What is being asked >>
Could you restate, exactly and with nothing added, the lines from the start of the data through the line that holds "- Nature morte", leaving the pictures out?

Recorded data >>

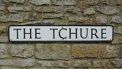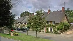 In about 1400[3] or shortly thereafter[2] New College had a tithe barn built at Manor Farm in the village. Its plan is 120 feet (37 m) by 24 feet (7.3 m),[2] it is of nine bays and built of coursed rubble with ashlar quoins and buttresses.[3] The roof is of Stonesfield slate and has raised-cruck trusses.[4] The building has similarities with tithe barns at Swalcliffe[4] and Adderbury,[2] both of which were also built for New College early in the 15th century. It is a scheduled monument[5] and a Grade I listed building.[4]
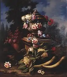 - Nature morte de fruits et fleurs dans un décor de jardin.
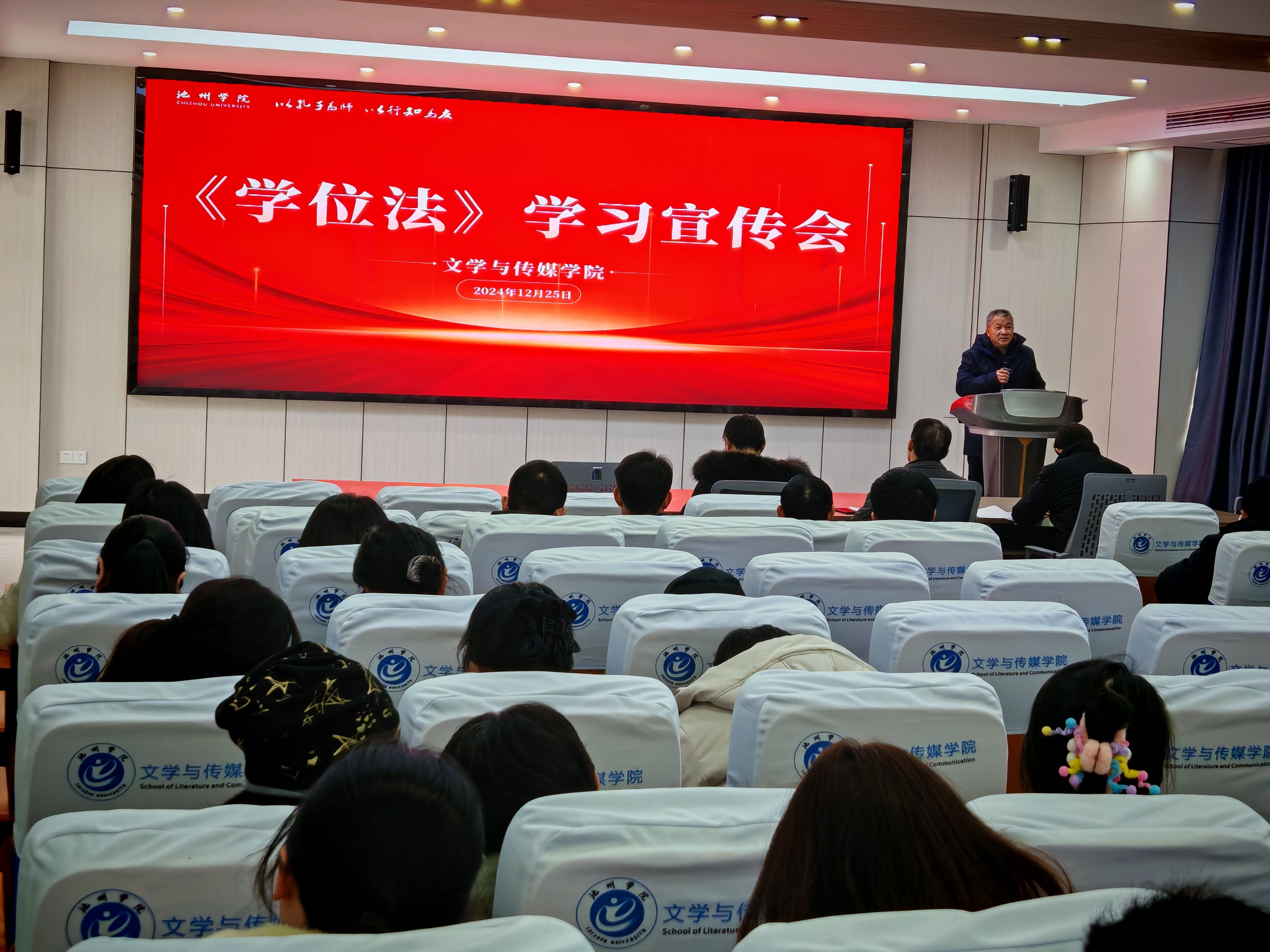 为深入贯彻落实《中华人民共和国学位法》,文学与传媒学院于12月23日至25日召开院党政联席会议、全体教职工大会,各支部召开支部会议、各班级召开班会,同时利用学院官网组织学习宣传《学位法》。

Expected answer >>
 In about 1400[3] or shortly thereafter[2] New College had a tithe barn built at Manor Farm in the village. Its plan is 120 feet (37 m) by 24 feet (7.3 m),[2] it is of nine bays and built of coursed rubble with ashlar quoins and buttresses.[3] The roof is of Stonesfield slate and has raised-cruck trusses.[4] The building has similarities with tithe barns at Swalcliffe[4] and Adderbury,[2] both of which were also built for New College early in the 15th century. It is a scheduled monument[5] and a Grade I listed building.[4]
 - Nature morte de fruits et fleurs dans un décor de jardin.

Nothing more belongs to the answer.